After lunch, we had about an hour to wander the streets of Corniglia and do what we wanted. Bryan and I explored the town, and then stopped for what else? Gelato. You might have guessed wine, which would have been a good guess also, but this was easier to walk around with. :)




From Corniglia, we took the train to Vernazza where Sarah gave us a few recommendations of things to do. It was here that we went for the wine. We went into a small little shop that offered us a taste of three local wines: Vermentino, Cinque Terre and Sciacchetra (pronounced shakeetara). The latter is a dessert wine that came highly recommended to try......and to try and say. :) The wine tasting took a bit long, so by the time we were done, we had enough time to take a picture of the street of Vernazza and head back to the train.

Next up, Monterosso al Mare! In this town, we had the most free time to do what we wanted. We first followed Sarah as she shared a bit about the history of the town and showed us some highlights.
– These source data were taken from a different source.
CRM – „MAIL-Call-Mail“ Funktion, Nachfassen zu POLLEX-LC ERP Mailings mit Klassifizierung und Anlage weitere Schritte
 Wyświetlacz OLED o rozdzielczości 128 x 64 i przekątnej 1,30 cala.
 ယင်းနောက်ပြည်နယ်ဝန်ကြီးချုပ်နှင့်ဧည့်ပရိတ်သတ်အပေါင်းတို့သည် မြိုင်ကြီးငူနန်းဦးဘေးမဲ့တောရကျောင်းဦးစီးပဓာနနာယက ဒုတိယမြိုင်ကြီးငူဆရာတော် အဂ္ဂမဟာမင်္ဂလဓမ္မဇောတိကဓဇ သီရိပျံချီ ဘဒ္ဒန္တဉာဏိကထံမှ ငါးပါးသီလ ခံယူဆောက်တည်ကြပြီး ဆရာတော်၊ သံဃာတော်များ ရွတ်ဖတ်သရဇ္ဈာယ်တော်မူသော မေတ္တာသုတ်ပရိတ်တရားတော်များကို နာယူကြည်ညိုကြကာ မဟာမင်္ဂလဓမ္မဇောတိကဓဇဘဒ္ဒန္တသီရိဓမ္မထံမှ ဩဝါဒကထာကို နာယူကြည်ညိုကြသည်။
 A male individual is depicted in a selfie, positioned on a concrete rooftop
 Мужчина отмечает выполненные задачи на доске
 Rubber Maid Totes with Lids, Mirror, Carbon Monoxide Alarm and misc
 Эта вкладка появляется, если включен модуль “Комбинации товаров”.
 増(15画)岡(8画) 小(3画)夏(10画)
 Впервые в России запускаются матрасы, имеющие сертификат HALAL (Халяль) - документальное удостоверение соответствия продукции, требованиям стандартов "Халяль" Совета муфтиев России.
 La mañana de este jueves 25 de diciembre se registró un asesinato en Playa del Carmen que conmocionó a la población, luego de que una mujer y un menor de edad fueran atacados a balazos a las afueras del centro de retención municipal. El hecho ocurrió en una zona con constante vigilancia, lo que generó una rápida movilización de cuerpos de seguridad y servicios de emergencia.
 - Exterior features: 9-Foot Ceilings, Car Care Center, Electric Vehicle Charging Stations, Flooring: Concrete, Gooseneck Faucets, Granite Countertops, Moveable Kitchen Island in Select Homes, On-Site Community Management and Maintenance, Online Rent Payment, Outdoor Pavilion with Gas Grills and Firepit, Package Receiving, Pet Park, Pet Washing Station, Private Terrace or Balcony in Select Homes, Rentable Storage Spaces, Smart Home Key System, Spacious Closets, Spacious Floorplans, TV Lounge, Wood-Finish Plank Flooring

It was here she pointed out a good shop to purchase some pesto to bring back (I wanted some from the region it came from!). There were also some stores that highlighted the fact that we could order some wine to go, so we did. :) We got a glass and walked slowly through town, enjoying the view. It was around this time the weather started picking up and it got windy, but we walked down to the beach anyway to enjoy the sound of the water moving in the wind.


During this trip, we were also supposed to visit the town of Riomaggiore, but that trip was to be made by boat - how fun! Unfortunately, because the wind was so strong, this part of the trip had to be cancelled and we didn't get to visit that town. We kind of expected that ahead of time. In May in Italy, the weather can still be rainy, so just be prepared you can't always do what you plan to!

Our last stop was beautiful Manarola. More than likely, when you see pictures of Cinque Terre, it's this town that you see - but they're all beautiful no matter what! Arriving in Manarola, we climbed to the top of the village through some of the homes, where Sarah shared a bit more about the towns. Apparently, when the homes were built, you had to pick one of eight colors to paint your home and then that was it - you couldn't change the color. That's why it's as beautiful as it is. And back in the day, a fisherman's boat color matched the color of his home. This way, wives could look out on the water and more easily find their husband, and vice versa. And when a husband would see smoke coming from his chimney, he knew it was time to head in because dinner was almost ready.
Beautiful Manarola

The homes were originally built as towers with an entrance in the front and back. This way, if pirates came to town, you could escape out the other door and not run into the pirates. These tower homes have now been split into smaller properties and condos. Want to buy one of these beauties? Don't we all. Minimum price for a property in the Cinque Terre - 1 million euro. Start saving your pennies!

After our lesson on the homes of Manarola, we again had some free time. We walked what's called the Path of Love, which leads outside the city of Manarola into Riomaggiore. Currently, you cannot walk the entire distance between the two cities on this path, but you can get just outside for gorgeous views of the town. The wind had really picked up by this point, so we snapped a quick photo and headed back to town where we enjoyed some glasses of Cinque Terre wine before heading to the train and catching our bus back to Florence.


During our tour, we discovered our guide, Sarah, lived in the neighborhood we stayed in, Santa Croce, so we asked her for some local recommendations on where to stop for a quick bite to eat on the way home. Her suggestion was a place called Il Vivandiere, which serves great small plates. Unfortunately, we had a terrible time trying to find it (imagine that one). We were so tired that we just found a pizza place near the house and called it a night!

We couldn't have imagined a better way to end our time in Italy. If you go, I highly recommend adding this tour to your list and hope you get to enjoy our guide Sarah as much as we did!